Aim of the task — Lines outside the range are not wanted. Give again exactly the lines between the line holding "A t-shirt sem" and the line holding "Target creature gains", inclusive, from the listing below.

Dataset records —
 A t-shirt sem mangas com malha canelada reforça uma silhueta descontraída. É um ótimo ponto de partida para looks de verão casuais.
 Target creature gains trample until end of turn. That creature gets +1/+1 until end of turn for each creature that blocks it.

* * *

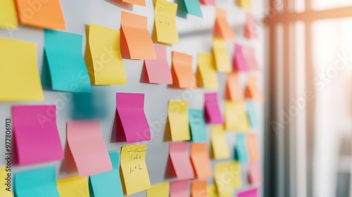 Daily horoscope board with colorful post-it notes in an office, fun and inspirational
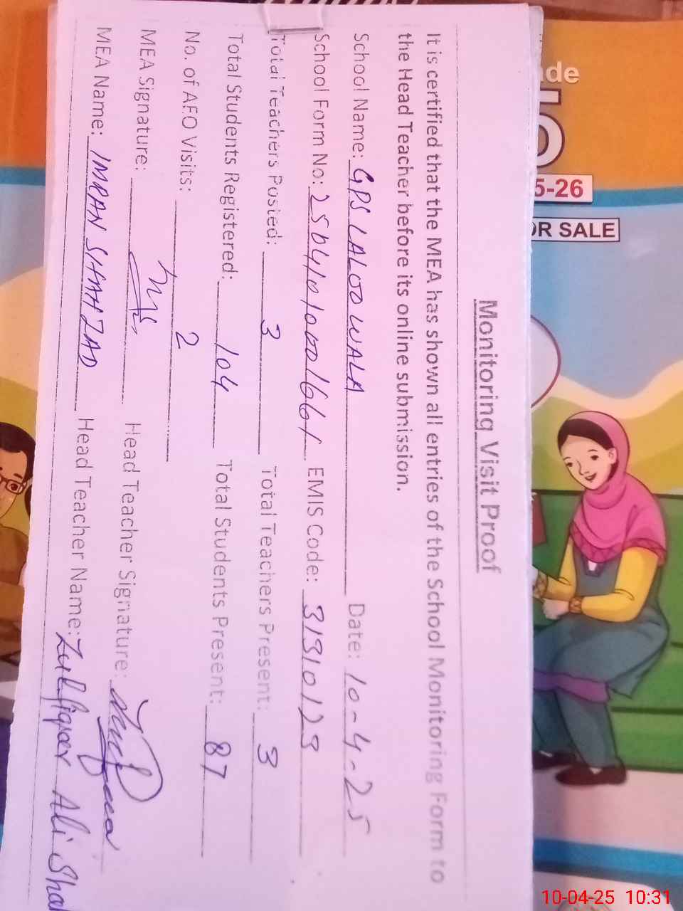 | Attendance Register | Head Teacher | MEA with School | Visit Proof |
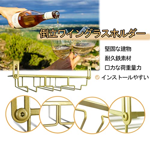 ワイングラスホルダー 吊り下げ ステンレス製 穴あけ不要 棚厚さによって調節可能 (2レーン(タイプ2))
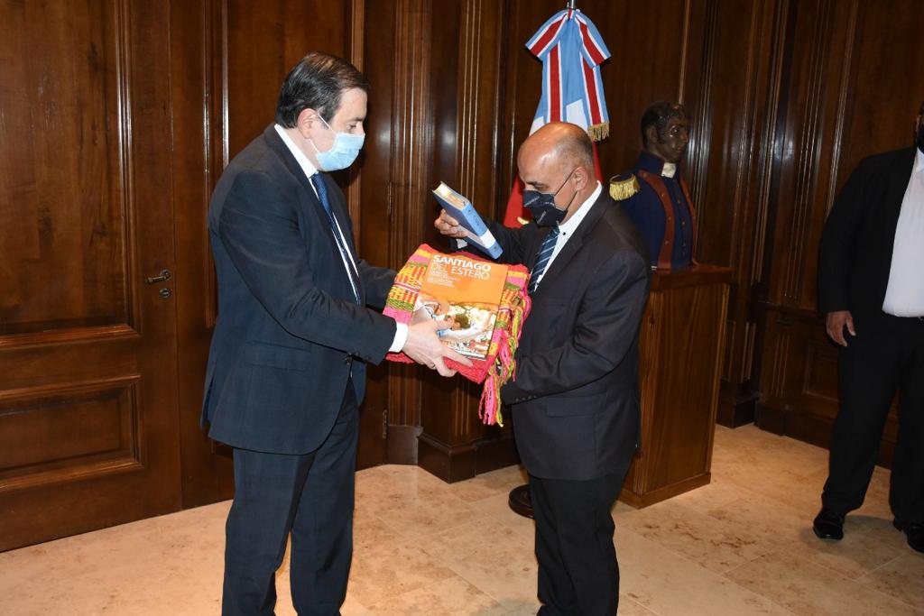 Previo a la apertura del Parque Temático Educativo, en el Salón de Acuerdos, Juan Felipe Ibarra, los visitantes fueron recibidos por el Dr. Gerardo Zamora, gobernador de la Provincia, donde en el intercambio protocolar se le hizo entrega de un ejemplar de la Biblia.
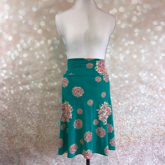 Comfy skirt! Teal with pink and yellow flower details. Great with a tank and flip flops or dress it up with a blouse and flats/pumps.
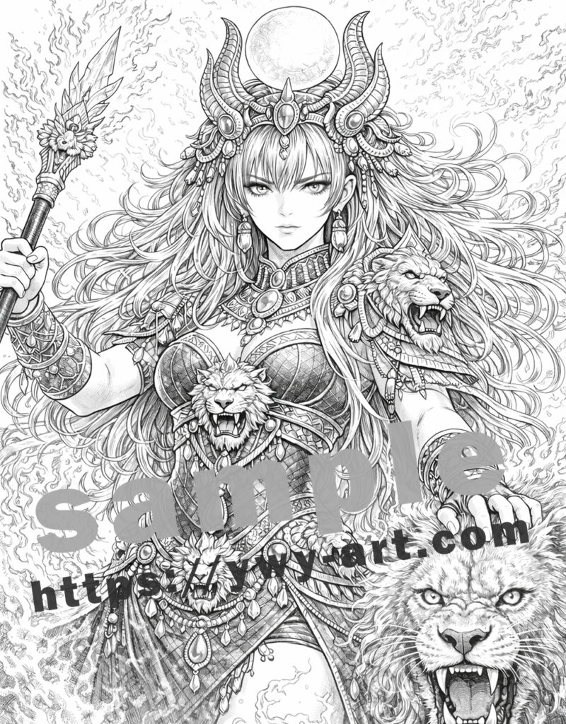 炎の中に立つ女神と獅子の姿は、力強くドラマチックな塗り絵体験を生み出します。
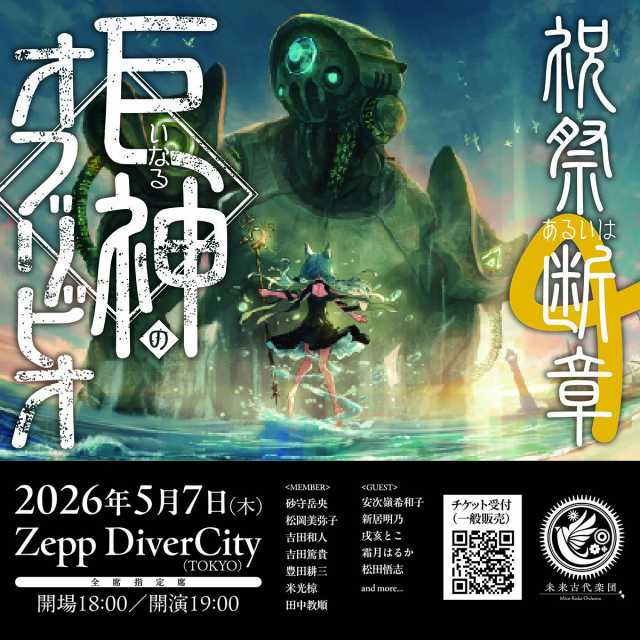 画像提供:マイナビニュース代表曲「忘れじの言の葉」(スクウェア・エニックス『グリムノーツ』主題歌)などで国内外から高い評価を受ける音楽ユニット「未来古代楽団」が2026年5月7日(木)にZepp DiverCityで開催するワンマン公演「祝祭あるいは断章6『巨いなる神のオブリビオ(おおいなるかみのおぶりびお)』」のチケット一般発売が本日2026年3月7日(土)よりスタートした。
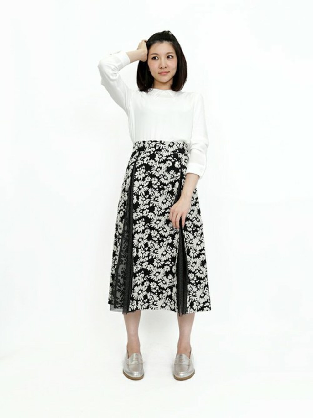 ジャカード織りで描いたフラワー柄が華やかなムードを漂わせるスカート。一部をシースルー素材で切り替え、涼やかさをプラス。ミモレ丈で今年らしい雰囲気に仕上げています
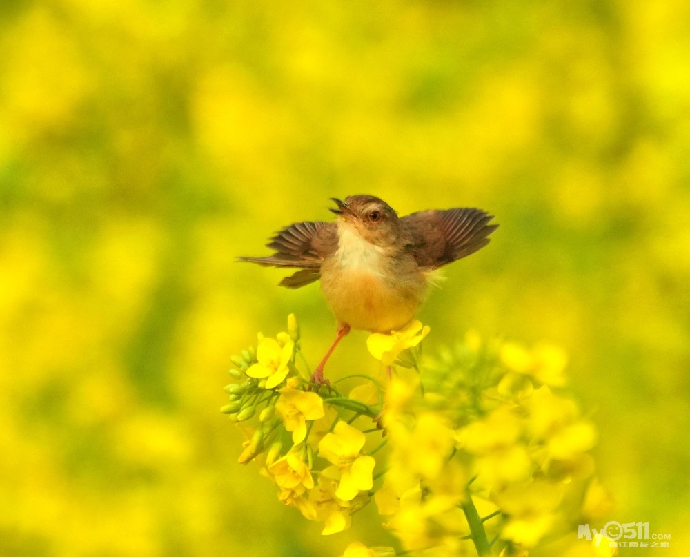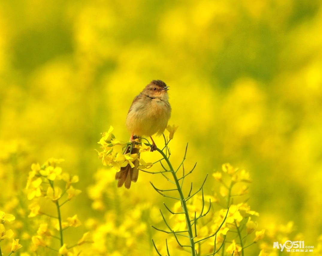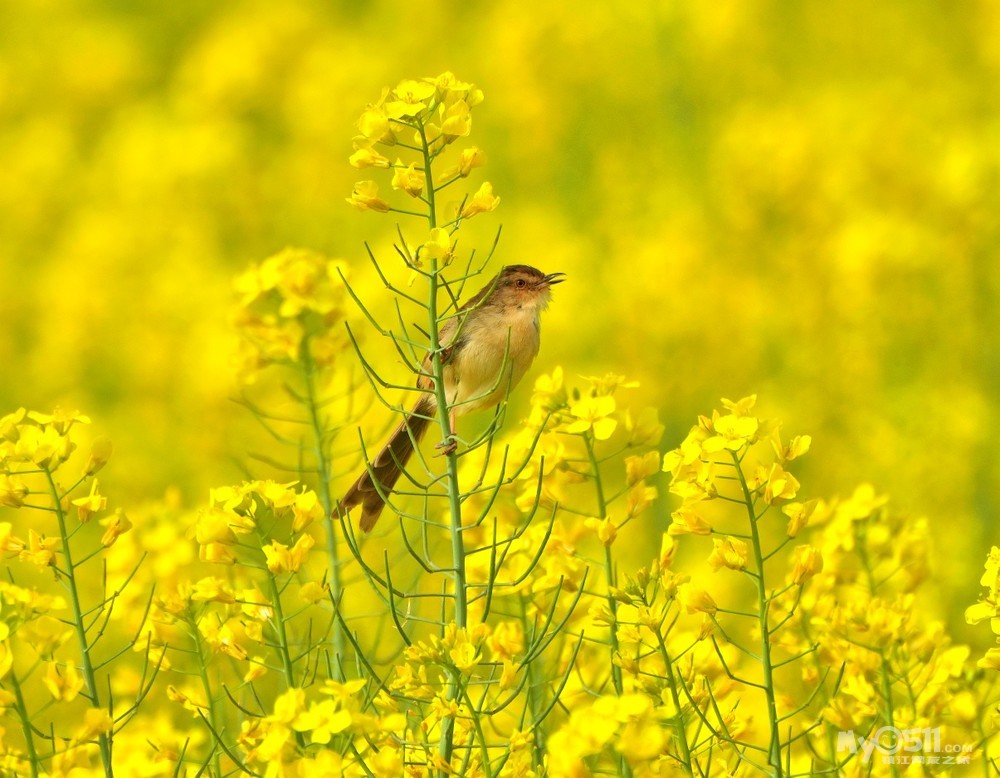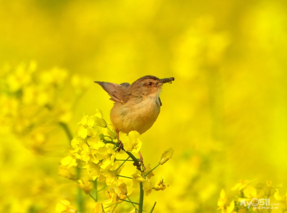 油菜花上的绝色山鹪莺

---

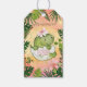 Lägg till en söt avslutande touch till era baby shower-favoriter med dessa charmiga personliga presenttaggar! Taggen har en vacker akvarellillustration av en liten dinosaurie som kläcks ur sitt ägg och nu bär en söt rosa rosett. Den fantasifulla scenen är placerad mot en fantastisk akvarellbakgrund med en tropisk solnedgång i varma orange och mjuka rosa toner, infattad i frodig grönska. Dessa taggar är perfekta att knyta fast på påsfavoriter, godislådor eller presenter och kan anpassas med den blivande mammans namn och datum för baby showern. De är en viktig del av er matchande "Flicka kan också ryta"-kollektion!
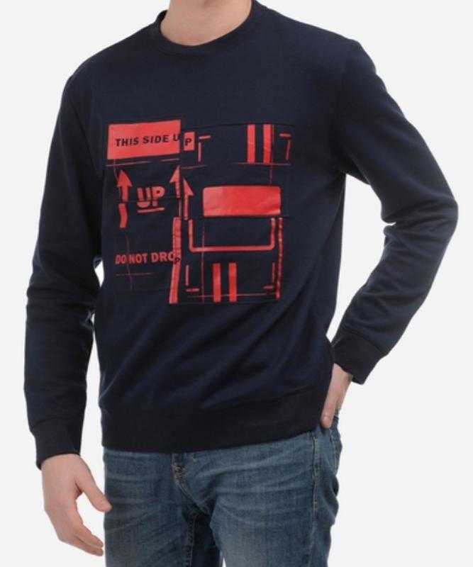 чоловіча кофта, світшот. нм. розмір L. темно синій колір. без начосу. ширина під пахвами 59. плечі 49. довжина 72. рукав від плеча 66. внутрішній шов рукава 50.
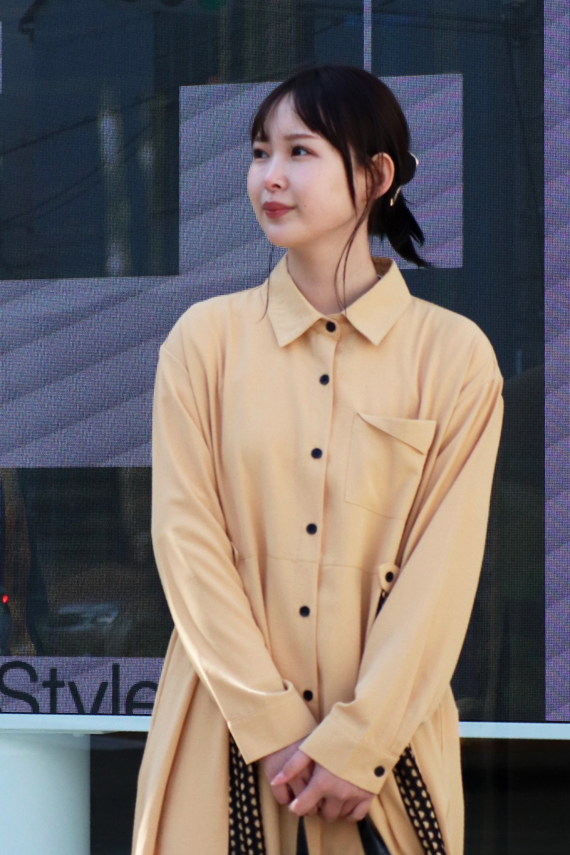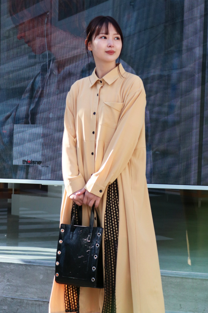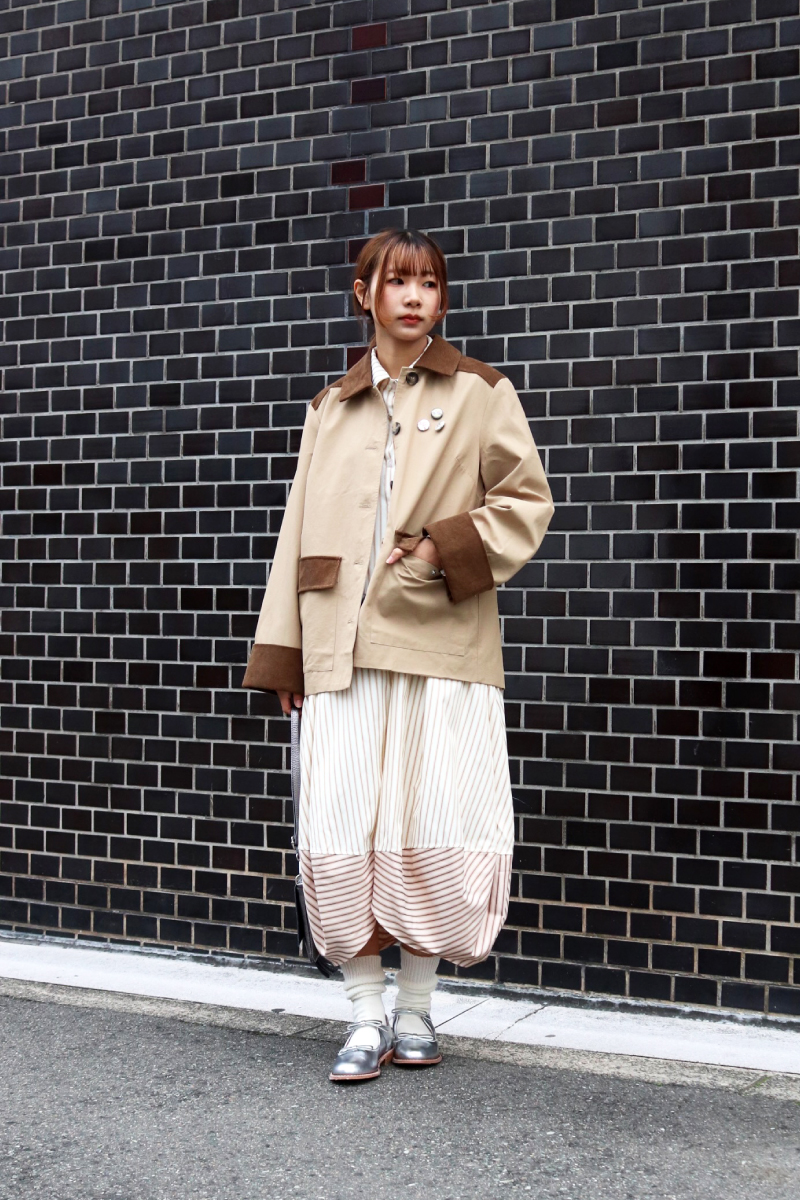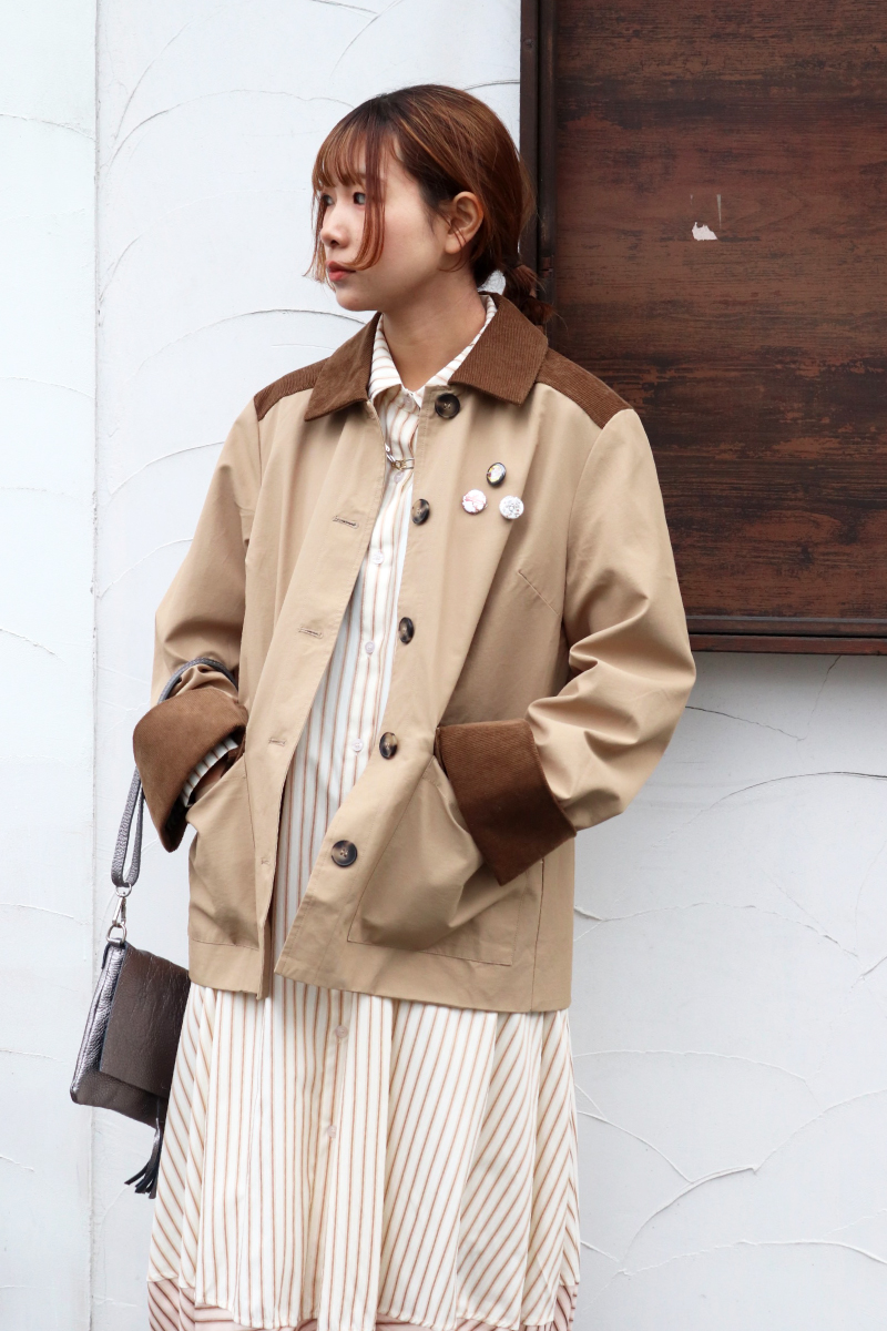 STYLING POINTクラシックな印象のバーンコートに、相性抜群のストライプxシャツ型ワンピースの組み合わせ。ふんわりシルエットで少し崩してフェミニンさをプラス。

Expected answer —
 A t-shirt sem mangas com malha canelada reforça uma silhueta descontraída. É um ótimo ponto de partida para looks de verão casuais.
 Target creature gains trample until end of turn. That creature gets +1/+1 until end of turn for each creature that blocks it.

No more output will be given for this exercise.